### EXERCISE
If a line in the listing includes the word "オプション", copy it out.

### DATASET RECORDS
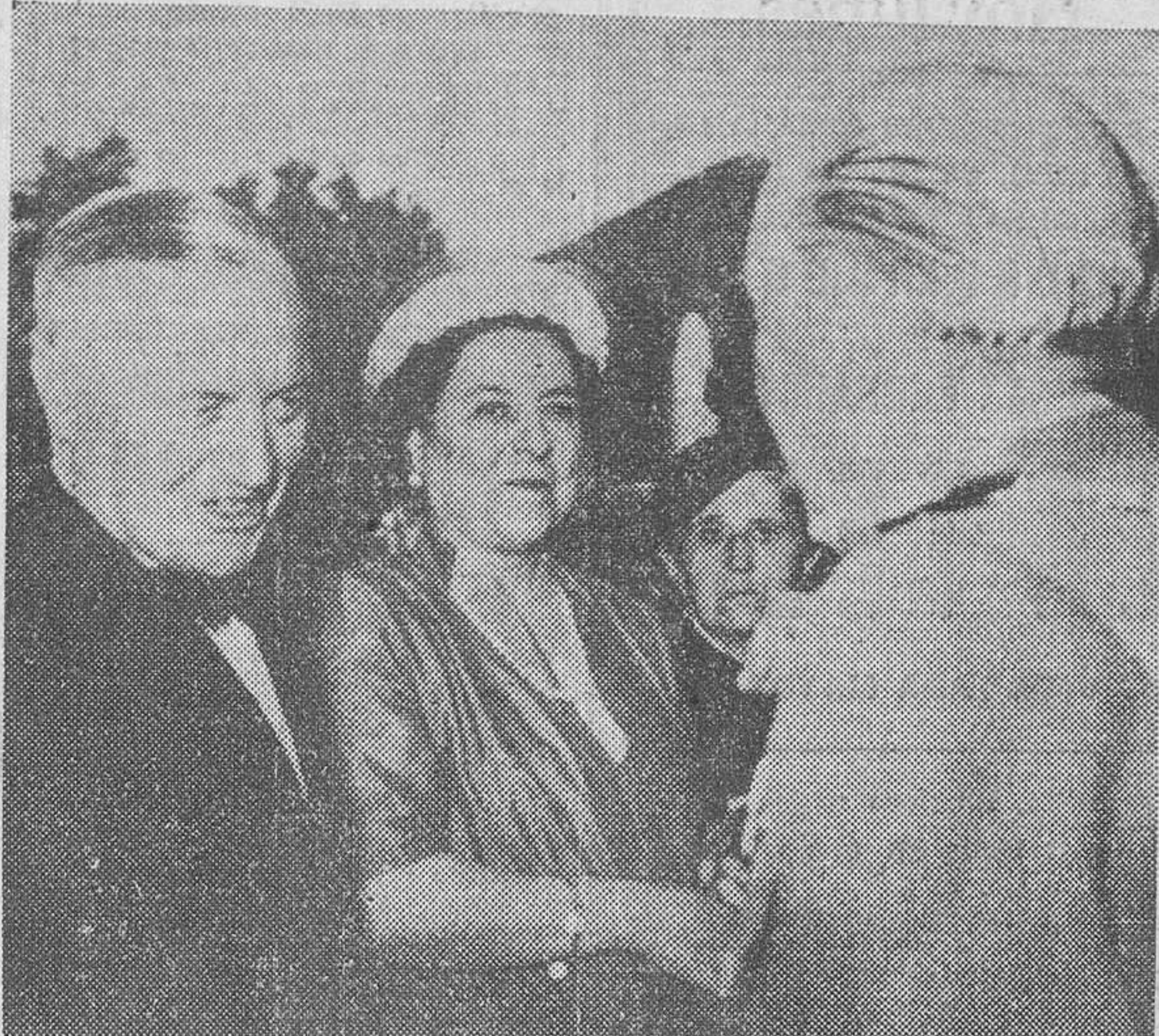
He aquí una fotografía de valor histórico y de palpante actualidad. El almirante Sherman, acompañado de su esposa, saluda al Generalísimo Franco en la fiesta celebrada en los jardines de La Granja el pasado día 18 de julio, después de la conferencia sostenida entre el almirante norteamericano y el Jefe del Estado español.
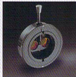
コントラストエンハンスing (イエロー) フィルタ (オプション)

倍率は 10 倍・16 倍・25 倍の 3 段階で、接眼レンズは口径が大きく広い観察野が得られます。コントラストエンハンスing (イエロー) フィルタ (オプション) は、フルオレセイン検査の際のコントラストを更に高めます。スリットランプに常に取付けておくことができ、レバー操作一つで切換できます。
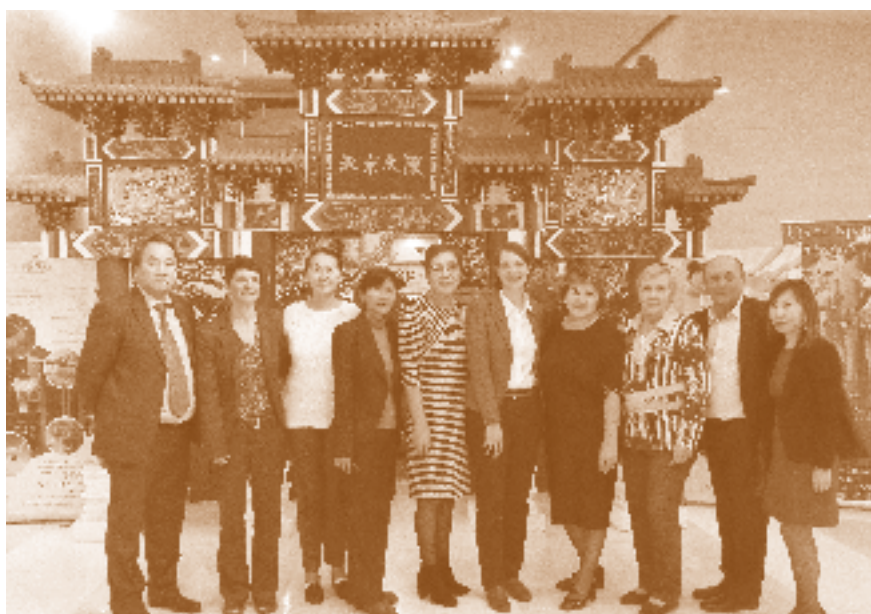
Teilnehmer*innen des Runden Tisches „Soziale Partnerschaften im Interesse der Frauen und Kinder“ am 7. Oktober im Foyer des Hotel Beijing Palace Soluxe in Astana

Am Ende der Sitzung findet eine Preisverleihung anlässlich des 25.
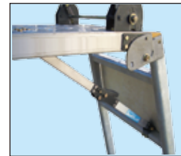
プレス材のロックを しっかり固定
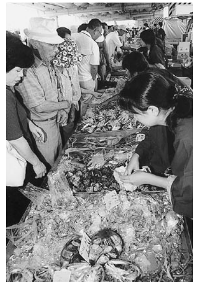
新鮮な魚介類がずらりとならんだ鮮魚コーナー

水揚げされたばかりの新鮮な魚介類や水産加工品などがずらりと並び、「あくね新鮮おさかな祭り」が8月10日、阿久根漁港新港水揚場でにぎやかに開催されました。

### ANSWER TO THIS EXERCISE
コントラストエンハンスing (イエロー) フィルタ (オプション)
倍率は 10 倍・16 倍・25 倍の 3 段階で、接眼レンズは口径が大きく広い観察野が得られます。コントラストエンハンスing (イエロー) フィルタ (オプション) は、フルオレセイン検査の際のコントラストを更に高めます。スリットランプに常に取付けておくことができ、レバー操作一つで切換できます。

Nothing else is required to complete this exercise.